JP2935100B2 - Permanent formwork mounting structure - Google Patents

Description

DETAILED DESCRIPTION OF THE INVENTION

[0001]

BACKGROUND OF THE INVENTION 1. Field of the Invention The present invention relates to a mounting structure for preventing and reinforcing a steel structure such as a steel sheet pile using a permanent formwork.

[0002]

2. Description of the Related Art Conventionally, as a countermeasure against corrosion of a steel sheet pile, generally, an FRP cover having irregularities along its shape is attached to the sea side of the steel sheet pile with metal fittings, and the cover is filled with mortar and solidified. . However, an actual steel sheet pile has a large amount of distortion and inclination, which makes it difficult to align it with the uneven cover, and the uneven cover has the disadvantage of increasing the material and manufacturing costs.

[0003] For this reason, in recent years, a structure that can be easily attached to irregular steel sheet piles using a flat cover instead of unevenness has become widespread. Furthermore, since the FRP cover and the internal mortar have inevitably poor adhesion, to improve this, the cover itself is made of a concrete formwork, or two layers of FRP and concrete are prepared in advance, and a number of layers are formed between the formwork and the structure. Permanent forms for placing rebar have also appeared.

On the other hand, as a means for attaching a flat cover to a steel sheet pile, first, a plurality of studs or brackets are welded to the front surface of a steel sheet pile as in Japanese Patent Application Laid-Open No. 60-159061, and after the cover is attached to this, There is a method of tightening with a nut from the outside. Second, Japanese Patent Laid-Open No. 57-137
No. 529, there is a method of welding a vertically long T-shaped bracket or hook to a steel sheet pile, and dropping a concrete formwork from above onto the T-shaped bracket to fix it.

[0005]

However, a flat cover or a mold has a larger mortar filling amount than a concavo-convex cover, so the mortar pressure is large, and the resin cover is deformed or a hook portion is detached in a hook system. There are drawbacks. In addition, when a cover or a formwork is attached to a steel sheet pile that is distorted or tilted back and forth and left and right in the above-described manner, the formwork itself remains inclined. Further, in the first method, it is necessary to make a hole in the cover, and in the second method, a gap is formed without the dropped mold being in close contact with the T-shaped bracket. . In addition, the second method is effective for new construction because the form is dropped from above, but there is a drawback that it cannot be applied to the existing steel sheet pile on which concrete is piled. In addition, since a conventional seawall structure has collapsed due to a recent earthquake, a structure capable of improving seawall strength at the lowest possible cost has been required.

[0006] The present invention has been made in view of the above circumstances, and an object thereof is to enable a formwork to be installed vertically to an existing inclined or distorted steel sheet pile without difficulty, and to provide a large mortar pressure and vibration of an earthquake.
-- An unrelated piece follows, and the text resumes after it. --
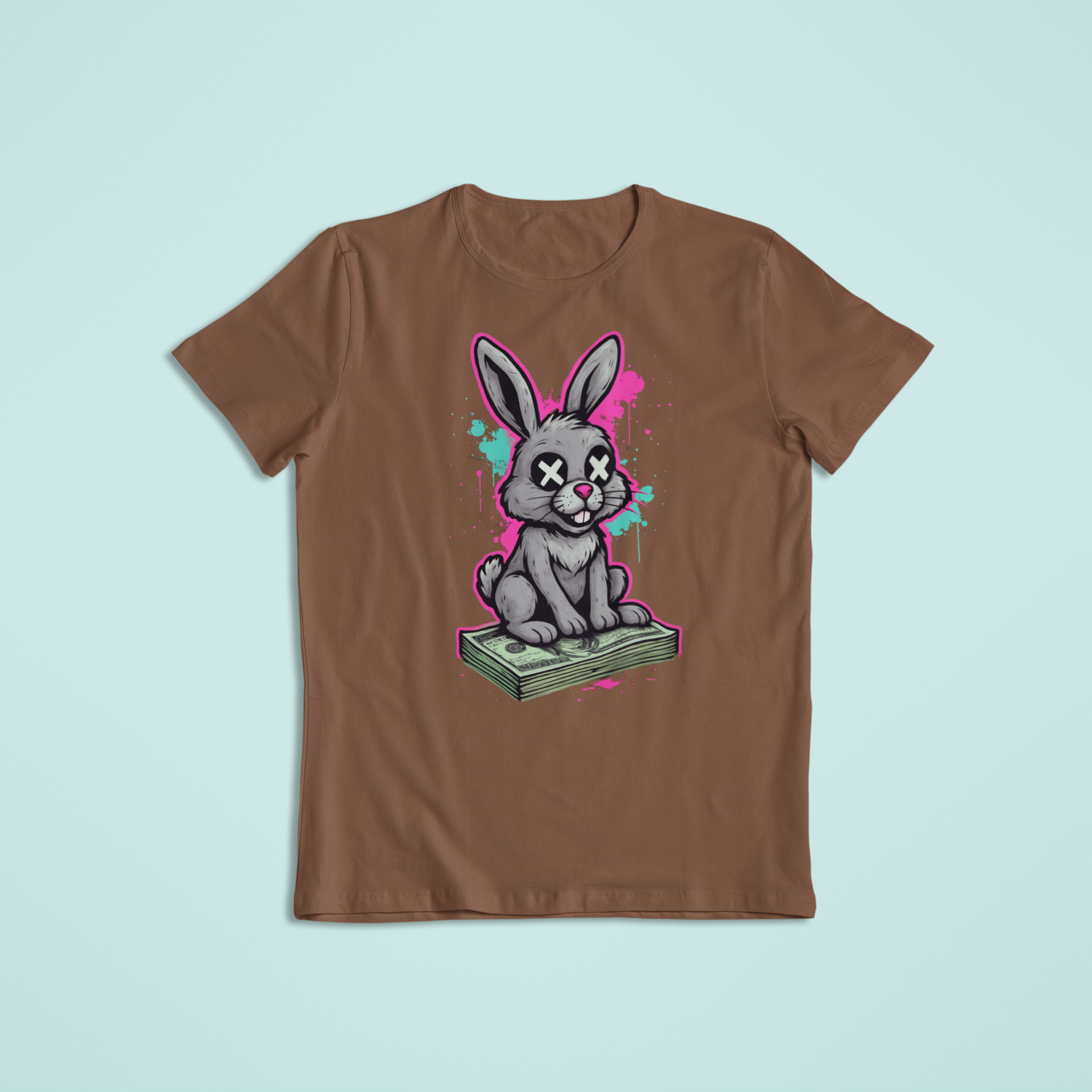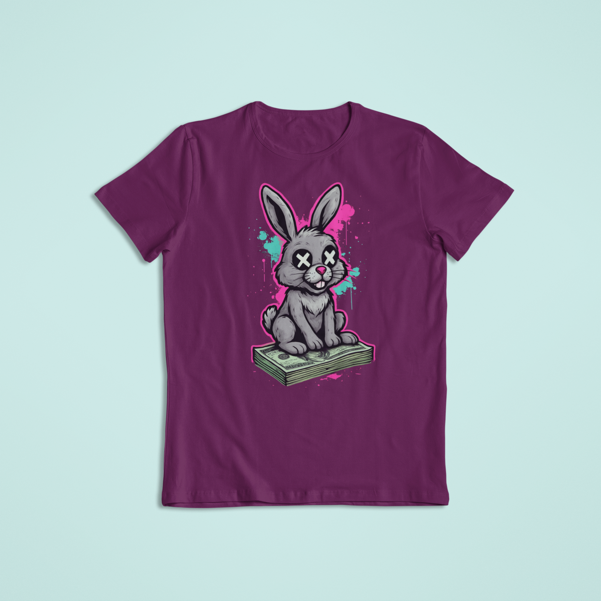Turn heads with this bold and edgy design featuring a mischievous bunny sitting on a stack of cash! The cartoon-style bunny with X eyes pops against a splash of neon pink and teal graffiti paint — perfect for anyone who loves street art, humor, and bold fashion.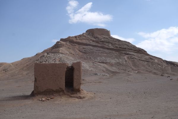 เพียงไม่กี่นาทีจากตัวเมือง เราก็มาถึงหุบเขาเตี้ย ๆ แห่งหนึ่งที่ดูเงียบและเวิ้งว้าง บนยอดเนินมีกลุ่มหอคอยกลมขนาดใหญ่ตั้งอยู่ ที่นี่คือ Dakhmeh หรือที่รู้จักกันในชื่อ “หอคอยแห่งความเงียบ”

An object of the present invention is to provide a mounting structure for a permanent form that can withstand the above.

[0007]

In order to achieve the above object, the mounting structure of the present invention comprises a pair of plates fixed to the front of a steel sheet pile, a vertically long H-steel fitting fitted to the plate, A side plate that covers both sides of the steel fitting and is adjustably fixed to the pair of plates; a permanent form abutted on the surface of the H steel fitting with a certain gap therebetween; a steel sheet pile and a permanent mold; A reinforcing bar disposed between the frames, a part of which is connected to the H-steel bracket 4, a cover plate covering the gap between the permanent molds, and a boundary between the permanent molds is fixed between the H-steel bracket and the cover plate. It is composed of a fastening member.

First, a plurality of pairs of plates are fixed in a vertical direction while correcting a lateral displacement with respect to an inclined steel sheet pile. Next, a vertically long H-steel fitting whose both sides are closed by side plates is fitted between the plates, and the lateral plate portions are fixed to the plates by correcting the displacement in the front-rear direction. Subsequently, a reinforcing bar is arranged on the front surface of the steel sheet pile, and both ends are connected to a part of the H steel fitting. The permanent form is fixed between the H-steel fitting and the cover plate by a fastening member without being inclined, and since this fastening member passes through a gap between the forms, it is not necessary to provide a bolt hole in the form itself.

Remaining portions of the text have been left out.